On March 15, 2024, American Battery Technology Company (the “Company”) entered into an amendment to the offer letter by and between the Company and the Company’s Chief Resource Officer, Scott Jolcover, dated January 3, 2023, the offer letter by and between the Company and the Company’s Chief Operating Offer, Andrés Meza, dated January 3, 2023, and the offer letter by and between the Company and the Company’s Chief Executive Officer, Chief Technology Officer, and Director, Ryan Melsert, dated July 31, 2022, (each an “Amended Offer Letter” and collectively the “Amended Offer Letters”).
Pursuant to Ryan Melsert’s Amended Offer Letter, Mr. Melsert requested to make a one-time equity election to receive 75,000 restricted stock units (“RSUs”) and 75,000 warrants with a five-year expiration at an exercise price of $2.00 per share in lieu of $150,000 in cash compensation. The RSUs and warrants shall vest immediately upon Mr. Melsert being entitled to receive cash compensation in the amount of $150,000.

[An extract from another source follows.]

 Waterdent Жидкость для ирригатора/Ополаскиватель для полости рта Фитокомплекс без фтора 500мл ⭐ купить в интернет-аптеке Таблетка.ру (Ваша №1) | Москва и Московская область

Pursuant to Scott Jolcover’s Amended Offer Letter, Mr. Jolcover requested to make a one-time election to receive 11,500 RSUs and 11,500 warrants with a five-year expiration at an exercise price of $2.00 per share in lieu of $23,000 in cash compensation. The RSUs and warrants shall vest immediately upon Mr. Jolcover being entitled to receive cash compensation in the amount of $23,000.
Pursuant to Andrés Meza’s Amended Offer Letter, Mr. Meza requested to make a one-time equity election to receive 50,000 RSUs and 50,000 warrants with a five-year expiration at an exercise price of $2.00 per share in lieu of $100,000 in cash compensation. The RSUs and warrants shall vest immediately upon Mr. Meza being entitled to receive cash compensation in the amount of $100,000.

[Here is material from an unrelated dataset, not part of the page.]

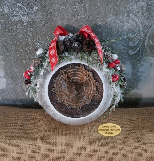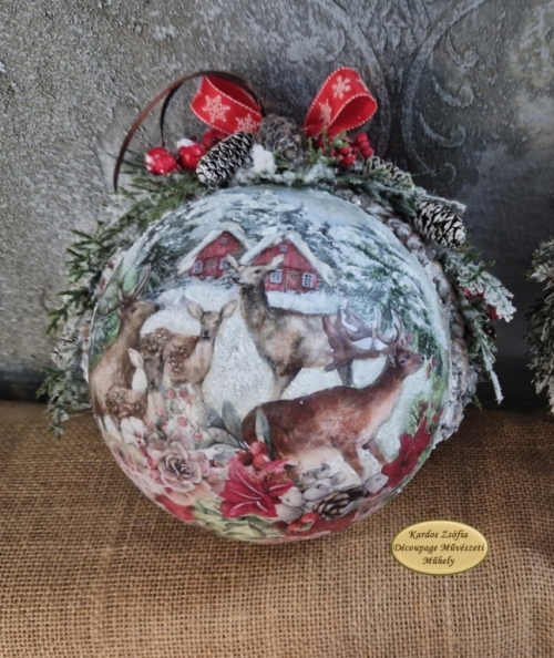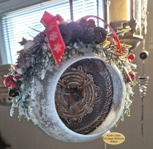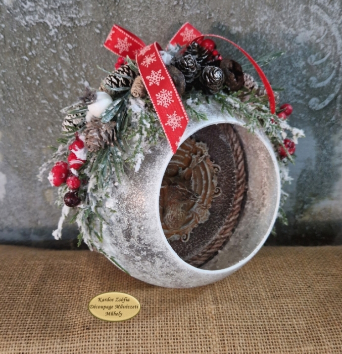 Óriás nyitott gömb, külső oldalán jeges hatású és rizspapíros díszítéssel, belsejében gyönyörű, rusztikus 3 D-s dekorációkkal. Szalag és szép művirág díszekkel. A lakás bármely pontján felakasztható karácsonyi, téli dekoráció. Alapanyaga: akril nyitott gömb. Méretei: 16 x 14 cm. Csak egyetlen darab van, belőle, rendelésre nem készül.

The foregoing description of the Amended Offer Letters is a summary of the material terms thereof, do not purport to be complete, and are qualified in their entirety by reference to the full text of the Amended Offer Letters of Scott Jolcover, Ryan Melsert, and Andrés Meza, which are filed as Exhibit 10.1, 10.2, and 10.3 to this Current Report on Form 8-K, and are incorporated herein by reference.
Item 9.01 Exhibits
Exhibit No. |
Name | |
10.1 | Amendment to Offer Letter between American Battery Technology Company and Scott Jolcover dated, March 15, 2024 | |
10.2 | Amendment to Offer Letter between American Battery Technology Company and Ryan Melsert dated, March 15, 2024 | |
10.3 | Amendment to Offer Letter between American Battery Technology Company and Andrés Meza dated, March 15, 2024 | |
104 | Cover Page Interactive Data File (formatted in Inline XBRL and included as Exhibit 101). |
SIGNATURES
Pursuant to the requirements of the Securities Exchange Act of 1934, as amended, the registrant has duly caused this report to be signed on its behalf by the undersigned hereunto duly authorized.

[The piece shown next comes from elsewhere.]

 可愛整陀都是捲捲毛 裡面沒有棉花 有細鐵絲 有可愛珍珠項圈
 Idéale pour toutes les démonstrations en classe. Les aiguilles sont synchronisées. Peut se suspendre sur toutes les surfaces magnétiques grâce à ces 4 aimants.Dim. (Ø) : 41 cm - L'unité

AMERICAN BATTERY TECHNOLOGY COMPANY | ||
Date: March 18, 2024 | By: | /s/ Ryan Melsert |
Ryan Melsert | ||
Chief Executive Officer |
Exhibit 10.1
AMENDMENT TO OFFER LETTER
American Battery Technology Company, a Nevada corporation (the “Company”) and Scott Jolcover do hereby amend the Offer Letter dated January 3, 2023, as follows:
To Schedule A, Section A, Compensation, a new subsection shall be added as follows: “6. One-Time Equity Election: In addition to any other equity election to which you may be entitled, at your request you may elect to receive a portion of your cash compensation in equity. Through a one-time election, you may receive 11,500 RSUs and 11,500 warrants with a five-year expiration at an exercise price of $2.00 per share in lieu of $23,000 in cash compensation. The RSUs and warrants shall vest immediately upon you being entitled to receive cash compensation in the amount of $23,000.
American Battery Technology Company, a Nevada corporation
| ||||
Signature: |
/s/ Ryan Melsert, March 15, 2024 | Signature: |
/s/ Scott Jolcover, March 15, 2024 | |
Name: |
Ryan Melsert | Name: |
Scott Jolcover |
Exhibit 10.2
AMENDMENT TO OFFER LETTER
American Battery Technology Company, a Nevada corporation (the “Company”) and Ryan Melsert do hereby amend the Offer Letter dated July 31, 2022, as follows:
To Schedule A, Section A, Compensation, a new subsection shall be added as follows: “6. One-Time Equity Election: In addition to any other equity election to which you may be entitled, at your request you may elect to receive a portion of your cash compensation in equity. Through a one-time election, you may receive 75,000 RSUs and 75,000 warrants with a five-year expiration at an exercise price of $2.00 per share in lieu of $150,000 in cash compensation. The RSUs and warrants shall vest immediately upon you being entitled to receive cash compensation in the amount of $150,000.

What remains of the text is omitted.